Print the listing from its top line through the line containing "East Shore of Stabilized", nothing more, and leave out the pictures.
(Information shown)
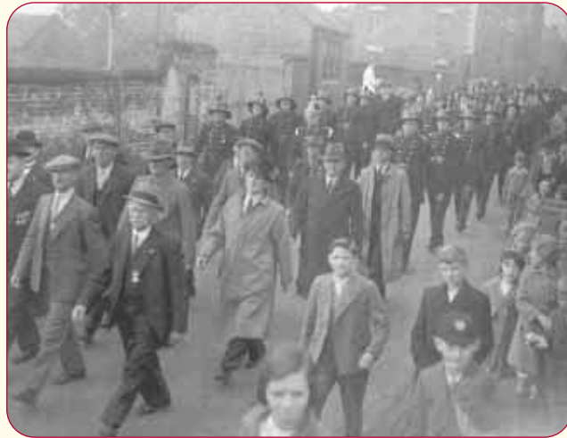
Armistice Day Parade York Street mid 1930's
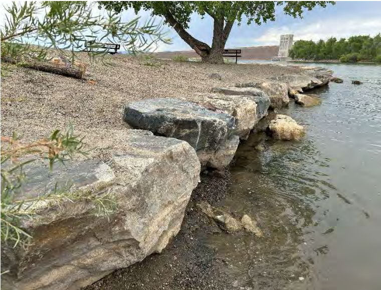
East Shore of Stabilized area showing the beginnings of boulder undercutting

Dixon Grove: Boulders and riprap serve as protection of shoreline for this PRF. There is a water quality capture area that treats runoff from the parking lot that is appearing to function very well. The only maintenance needs that were identified was some spot weed control. The east shore of the large promontory appears to be beginning to be undercut, and should be considered for a future project. An area of shoreline south of the west shoreline stabilization area could also be a good candidate for a future shoreline stabilization capital project. Various dead trees and debris from the floods were identified for CCSP maintenance.
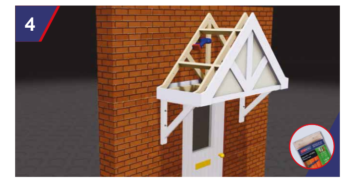
Insert StormFix Blue Frame Fixing sleeve 120 into the drilled holes.
(End Information shown)
**Answer for this exercise**
Armistice Day Parade York Street mid 1930's
East Shore of Stabilized area showing the beginnings of boulder undercutting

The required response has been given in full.